» How to complete this task
Using the data below, print exactly the line with "甘くなりすぎずロンTやシャツとのレイヤードと合わせて、大人っぽく着こなせます。", the line with "Bàn học – bàn", and every line between them, but none of the pictures.

» Data for processing
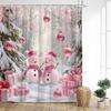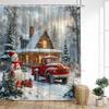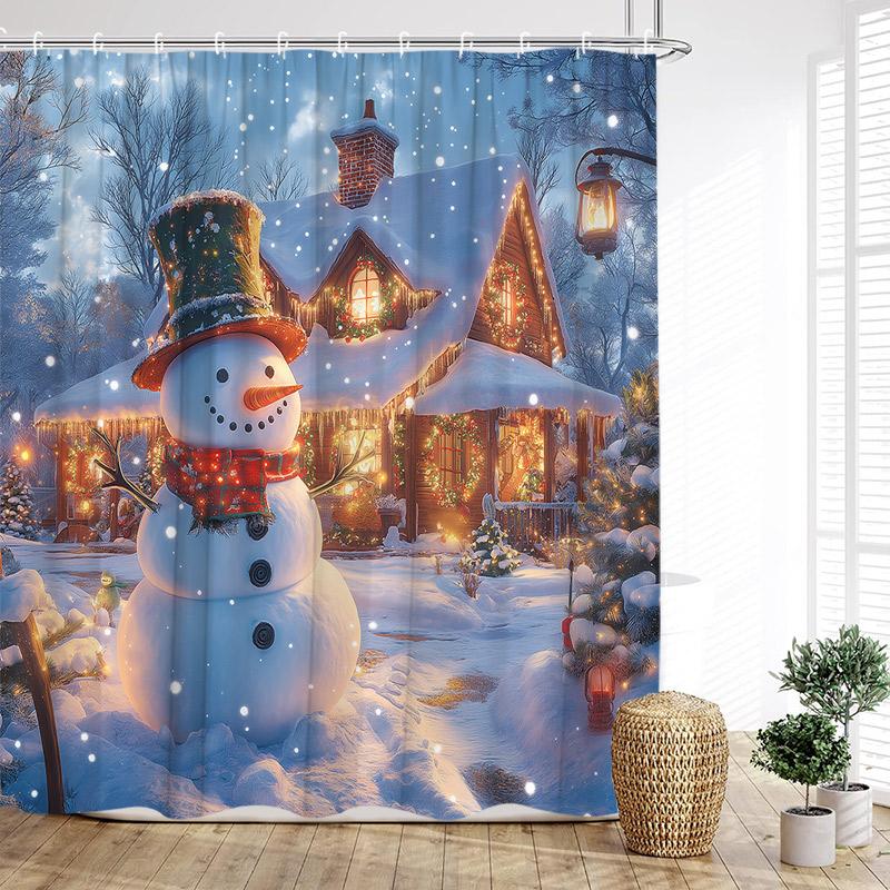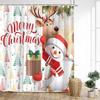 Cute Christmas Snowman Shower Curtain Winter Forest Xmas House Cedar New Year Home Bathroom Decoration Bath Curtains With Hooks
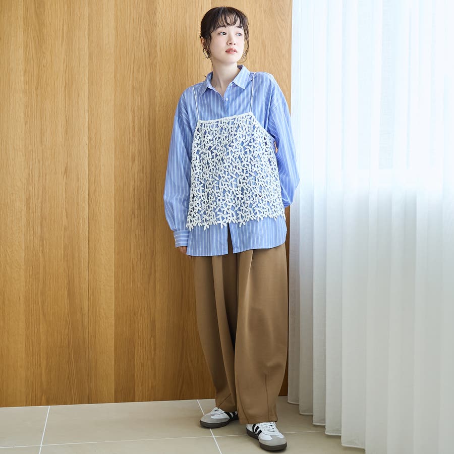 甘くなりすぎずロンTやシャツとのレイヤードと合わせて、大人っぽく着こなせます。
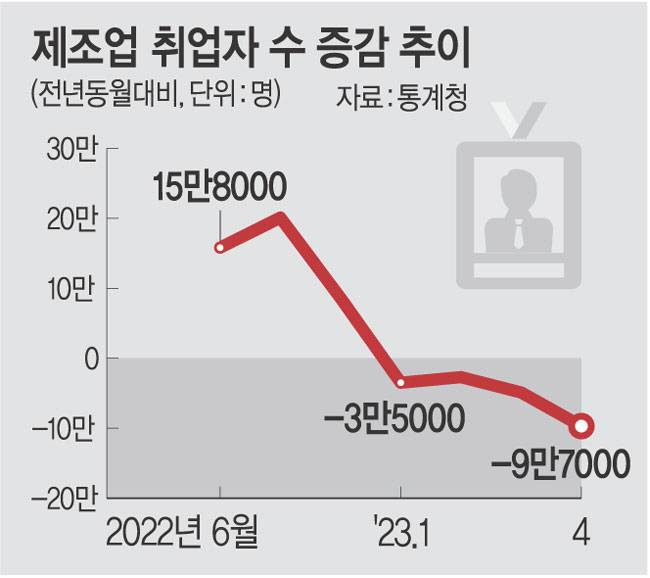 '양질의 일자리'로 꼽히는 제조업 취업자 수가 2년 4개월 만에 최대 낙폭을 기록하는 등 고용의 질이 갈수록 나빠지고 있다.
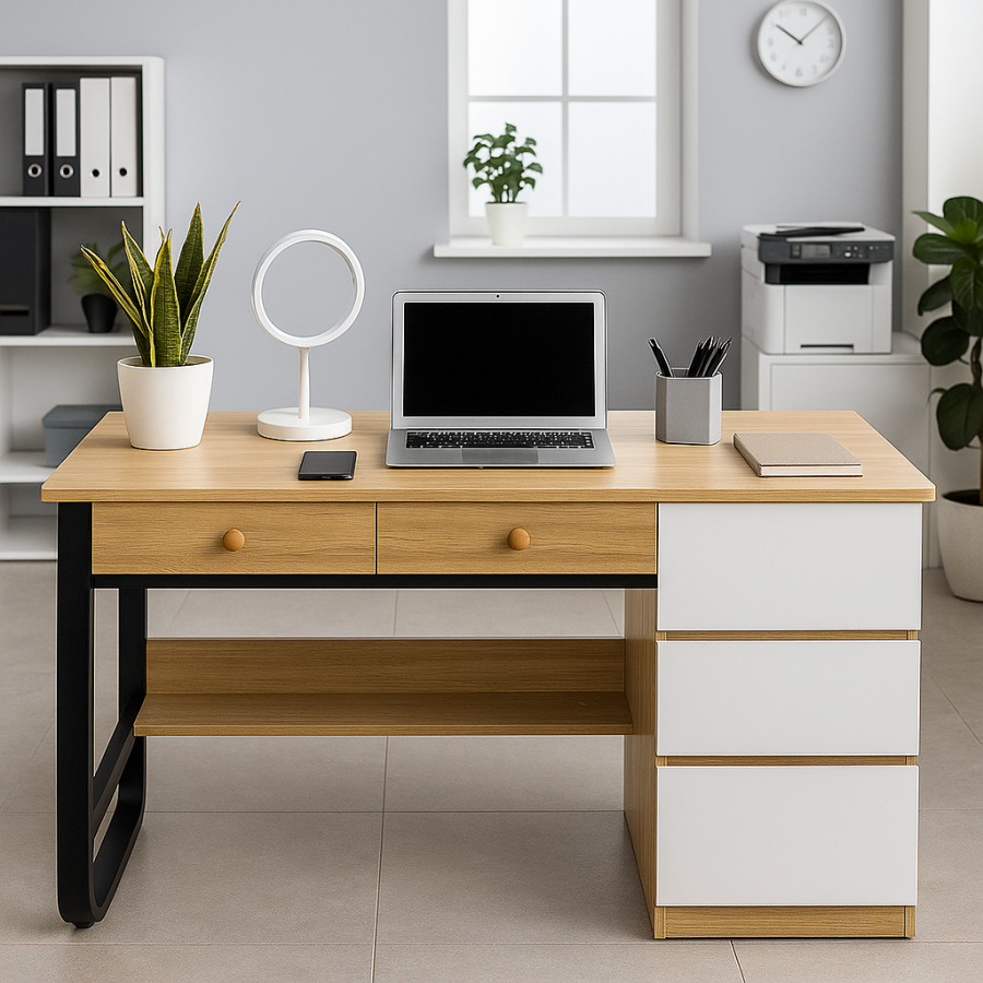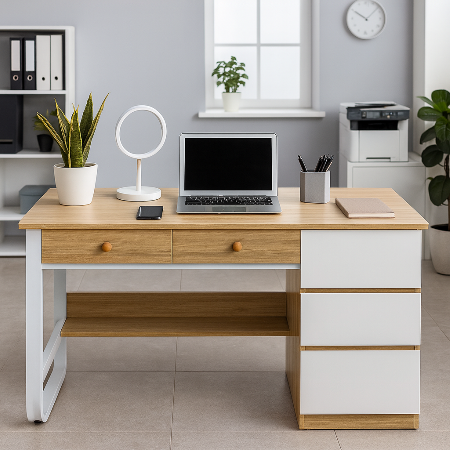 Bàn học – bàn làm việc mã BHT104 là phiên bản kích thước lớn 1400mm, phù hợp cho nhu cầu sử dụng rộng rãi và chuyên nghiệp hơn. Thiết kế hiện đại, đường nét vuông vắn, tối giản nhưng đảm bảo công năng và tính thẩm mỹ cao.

* * *

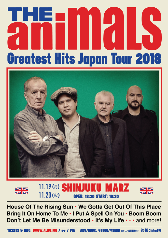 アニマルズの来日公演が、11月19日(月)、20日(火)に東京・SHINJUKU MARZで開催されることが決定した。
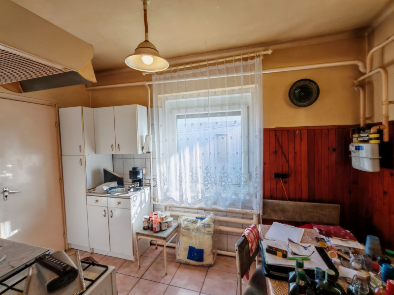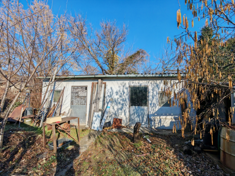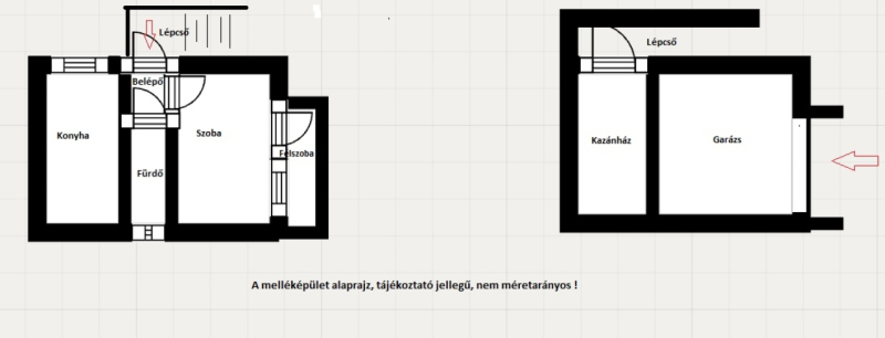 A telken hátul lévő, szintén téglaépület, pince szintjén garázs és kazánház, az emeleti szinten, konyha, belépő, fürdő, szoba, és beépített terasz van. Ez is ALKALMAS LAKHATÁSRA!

==

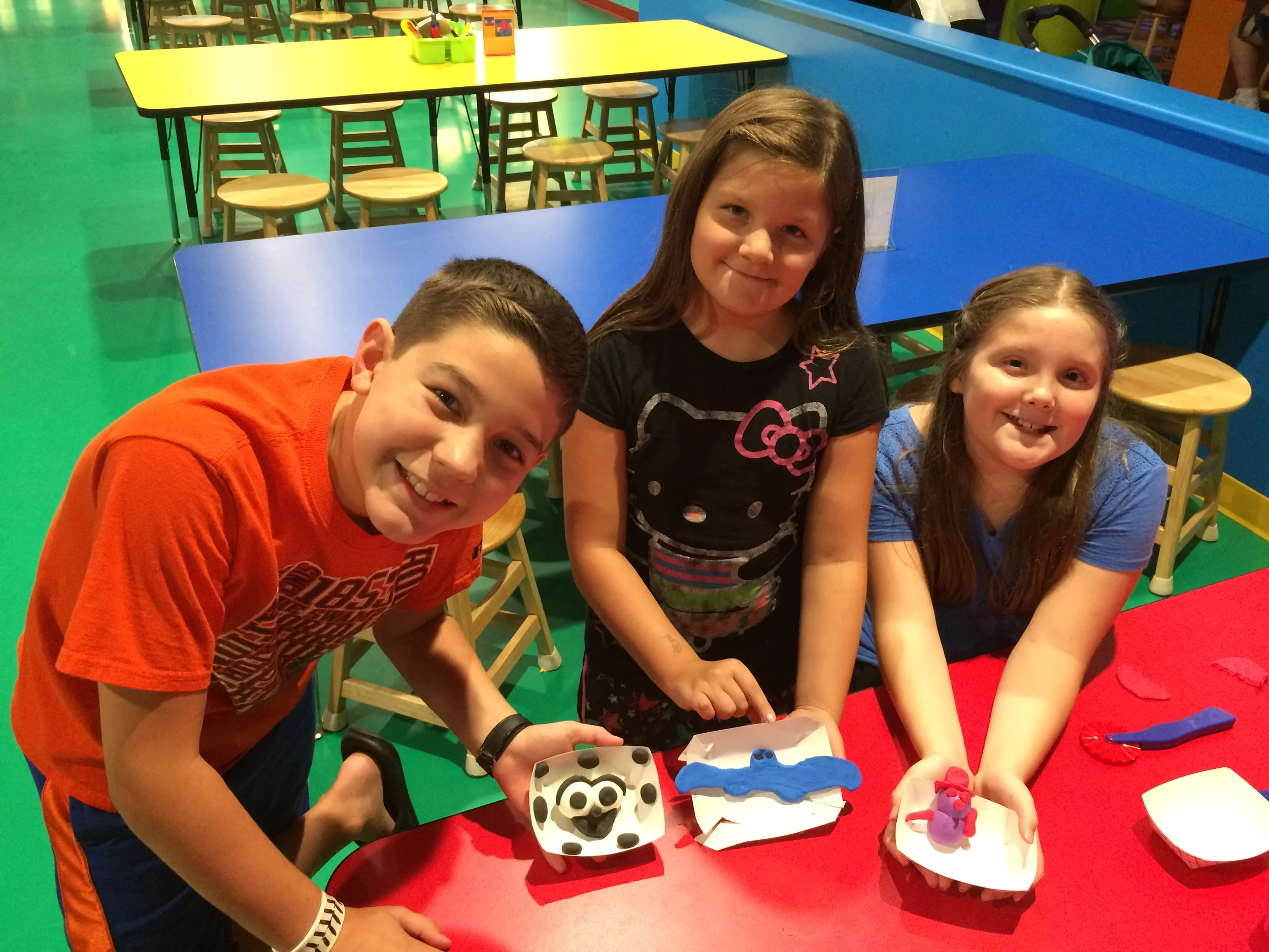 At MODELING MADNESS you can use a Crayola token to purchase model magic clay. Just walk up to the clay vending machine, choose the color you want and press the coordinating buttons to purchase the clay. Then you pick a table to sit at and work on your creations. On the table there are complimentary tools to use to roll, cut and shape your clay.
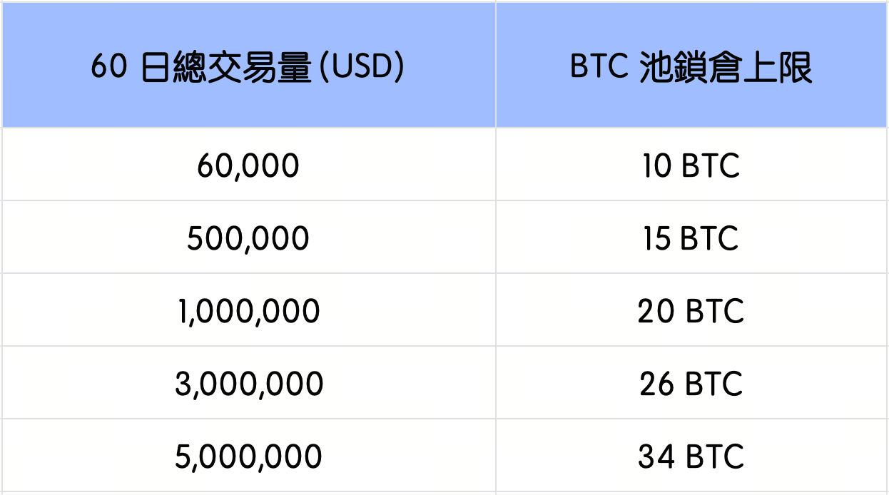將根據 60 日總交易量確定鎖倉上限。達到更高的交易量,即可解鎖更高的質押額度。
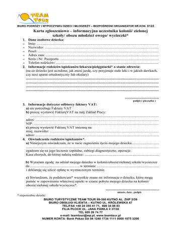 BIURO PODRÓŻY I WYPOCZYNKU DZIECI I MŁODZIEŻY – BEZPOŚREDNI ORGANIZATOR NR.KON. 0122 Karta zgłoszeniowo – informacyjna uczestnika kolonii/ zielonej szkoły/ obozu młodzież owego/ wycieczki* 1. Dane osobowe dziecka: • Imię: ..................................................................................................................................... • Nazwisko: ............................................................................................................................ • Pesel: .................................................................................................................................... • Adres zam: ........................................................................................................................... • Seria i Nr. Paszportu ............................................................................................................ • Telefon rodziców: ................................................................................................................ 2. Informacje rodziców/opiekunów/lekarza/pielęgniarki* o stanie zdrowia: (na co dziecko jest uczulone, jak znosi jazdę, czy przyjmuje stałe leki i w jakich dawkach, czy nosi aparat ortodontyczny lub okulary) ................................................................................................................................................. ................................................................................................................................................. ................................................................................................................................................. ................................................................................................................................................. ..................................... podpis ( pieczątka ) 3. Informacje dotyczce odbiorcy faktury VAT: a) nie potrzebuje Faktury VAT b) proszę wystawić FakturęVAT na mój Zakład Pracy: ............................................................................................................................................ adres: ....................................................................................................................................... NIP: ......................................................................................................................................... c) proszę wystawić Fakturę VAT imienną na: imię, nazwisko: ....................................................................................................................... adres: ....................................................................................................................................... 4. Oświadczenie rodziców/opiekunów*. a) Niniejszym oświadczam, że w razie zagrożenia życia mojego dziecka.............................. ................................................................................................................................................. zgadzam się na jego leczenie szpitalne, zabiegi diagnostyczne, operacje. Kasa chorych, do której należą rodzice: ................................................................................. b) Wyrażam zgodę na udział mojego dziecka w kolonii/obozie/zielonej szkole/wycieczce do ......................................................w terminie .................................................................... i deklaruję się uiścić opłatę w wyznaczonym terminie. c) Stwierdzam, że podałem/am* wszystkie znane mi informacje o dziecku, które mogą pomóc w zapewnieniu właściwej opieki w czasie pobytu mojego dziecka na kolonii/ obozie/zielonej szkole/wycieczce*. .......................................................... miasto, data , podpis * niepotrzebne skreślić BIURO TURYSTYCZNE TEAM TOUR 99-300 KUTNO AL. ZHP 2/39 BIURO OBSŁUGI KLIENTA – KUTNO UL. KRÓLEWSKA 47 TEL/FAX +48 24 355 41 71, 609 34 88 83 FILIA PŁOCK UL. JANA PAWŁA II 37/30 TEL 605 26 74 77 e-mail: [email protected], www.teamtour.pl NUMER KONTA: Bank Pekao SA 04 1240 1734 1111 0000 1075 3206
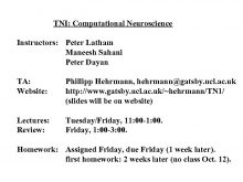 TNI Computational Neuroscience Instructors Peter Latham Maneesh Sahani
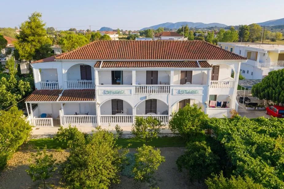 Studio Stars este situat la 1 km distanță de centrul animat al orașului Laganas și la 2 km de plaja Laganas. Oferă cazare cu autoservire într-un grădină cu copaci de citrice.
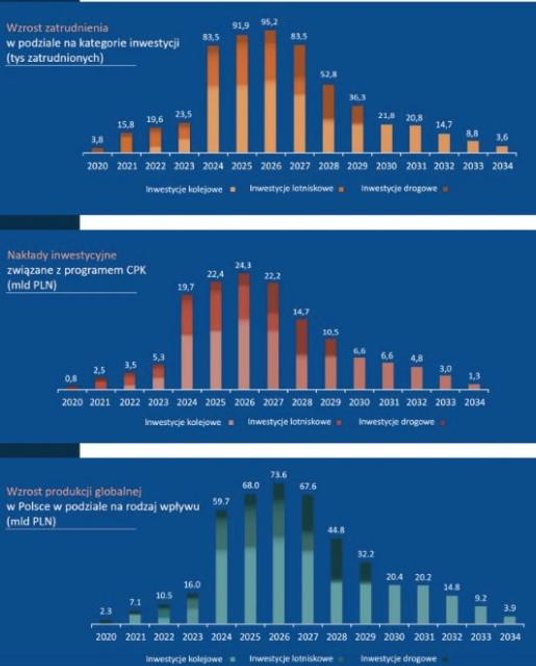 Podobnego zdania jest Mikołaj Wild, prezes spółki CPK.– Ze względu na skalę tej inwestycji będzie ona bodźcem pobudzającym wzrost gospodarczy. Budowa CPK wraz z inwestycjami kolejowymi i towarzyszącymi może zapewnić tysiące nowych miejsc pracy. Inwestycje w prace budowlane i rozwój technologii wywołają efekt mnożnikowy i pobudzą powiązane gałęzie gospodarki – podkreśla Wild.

» Task solution
 甘くなりすぎずロンTやシャツとのレイヤードと合わせて、大人っぽく着こなせます。
 '양질의 일자리'로 꼽히는 제조업 취업자 수가 2년 4개월 만에 최대 낙폭을 기록하는 등 고용의 질이 갈수록 나빠지고 있다.
 Bàn học – bàn làm việc mã BHT104 là phiên bản kích thước lớn 1400mm, phù hợp cho nhu cầu sử dụng rộng rãi và chuyên nghiệp hơn. Thiết kế hiện đại, đường nét vuông vắn, tối giản nhưng đảm bảo công năng và tính thẩm mỹ cao.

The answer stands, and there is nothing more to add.